La dette des « Terrasses de Poncy ».

En 2002 le maire de l’époque, Jacques Masdeu-Arus  signe une promesse de vente avec la société BEG  pour la cession de 14 hectares sur le site de Poncy pour un prix 27,4 millions d’euros.  Le promoteur américain a le projet d’y réaliser un « espace de culture, de loisirs et de commerces » de 100.000 m2 baptisé les « Terrasses de Poncy ».

 Une promesse de vente risquée.

Les termes de cette promesse de vente imposent à la municipalité de rendre constructible et de viabiliser ce terrain. La Ville a également à sa charge la réalisation des accès directs à l’A14 et à l’A13. Entre 2002 et 2007, l’AFTRP* fait l’acquisition pour le compte de la Ville de 90% des 34 hectares du secteur de Poncy avec 9,3 millions d’euros avancés par BEG. Mais le projet des « Terrasses de Poncy » rencontre une forte opposition de la part des villes voisines et du Conseil général et ne peut voir le jour. 

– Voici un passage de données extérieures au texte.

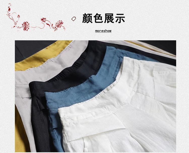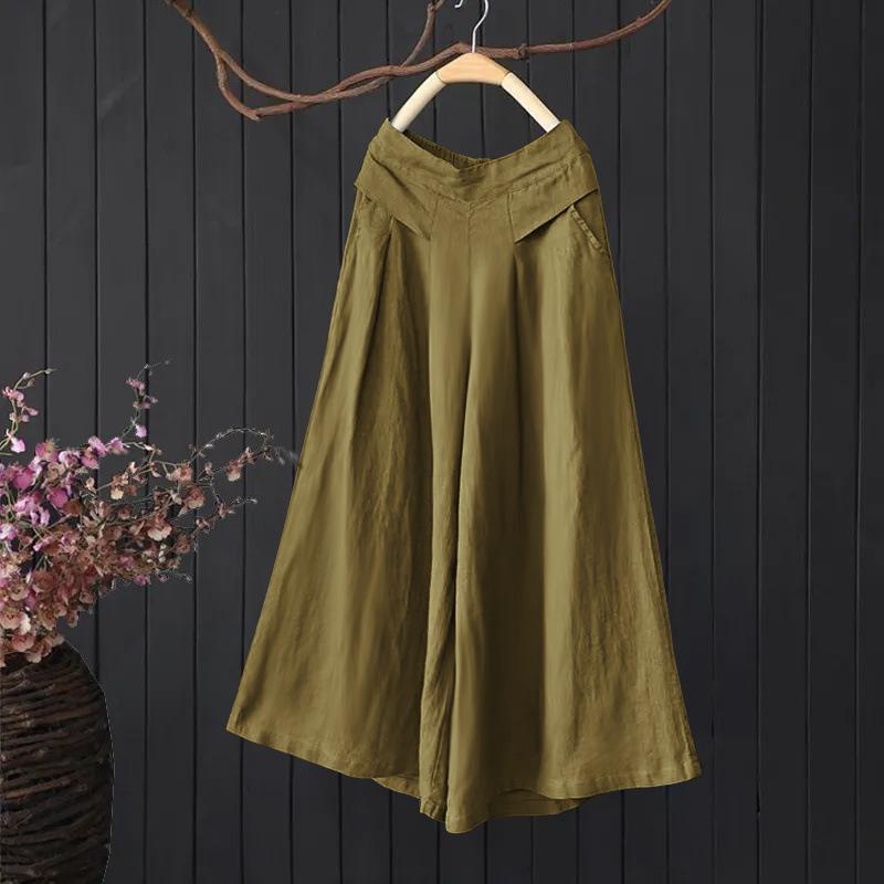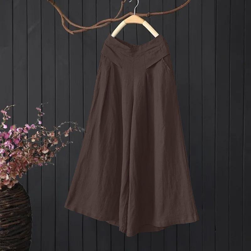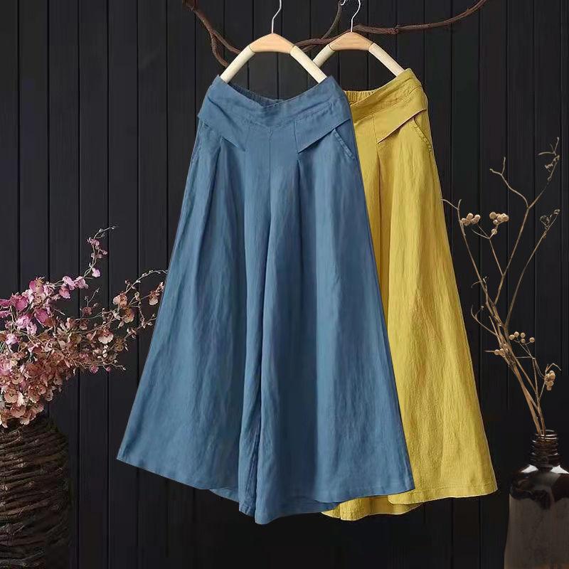 Pantalones Vintage de Algodón y Lino con Caída y Pierna Ancha para Mujer, Pantalones Falda de Algodón Sueltos y Delgados de Verano, Pantalones Capri Versátiles Casuales de Cintura Alta

 Une menace pour le budget de la Ville

A son arrivée à la mairie en 2008, la nouvelle équipe municipale tente de renégocier le contrat avec Simon-Ivanohé, ancien groupe BEG. Le promoteur ne souhaite pas abandonner le site et son fort potentiel. Il signe en 2009 une prolongation de la promesse  de vente en s’engageant à ne plus faire courir les intérêts sur la dette. Le montant des intérêts s’élèvent à cette date à 3 millions d’euros. En 2010 Simon-Ivanohé cède sa filiale européenne à Unibail-Rodamco, la cession comprend le projet des « Terrasses de Poncy » et sa promesse de vente. Si le projet commercial n’est pas réalisé,  la promesse synallagmatique de vente des terrains deviendrait caduque. Dans ces conditions la Ville serait dans l’obligation de rembourser la dette de 9,3 millions d’euros ainsi que les 3 millions d’intérêt à Unibail.

 Comment s’en sortir ?

On ne voit pas comment la Ville va pouvoir sortir indemne de ce piège. Les conclusions de l’étude de « l’Atelier National : Territoires économiques » a clairement montré qu’il n’y avait pas de place pour un centre commercial à cet endroit. La commission départementale d’aménagement commercial (CDAC) ne donnera donc pas d’autorisation d’implantation. Il n’est pas sûr qu’UNIBAIL souhaite suivre la Ville et l’EPAMSA sur un autre type de projet de développement du secteur de Poncy. Le promoteur demandera alors le remboursement des 12 millions et vraisemblablement des dédommagements en sus ce qui mettrait en difficulté les finances de Poissy. La Ville ne pourra pas s’en sortir seul et sera de fait contrainte de réaliser un projet sur le site en partenariat avec l’EPAMSA et l’EPFY. Ce projet urbain qui doit mixer activités et habitat devrait permettre le remboursement de la dette par la vente du foncier.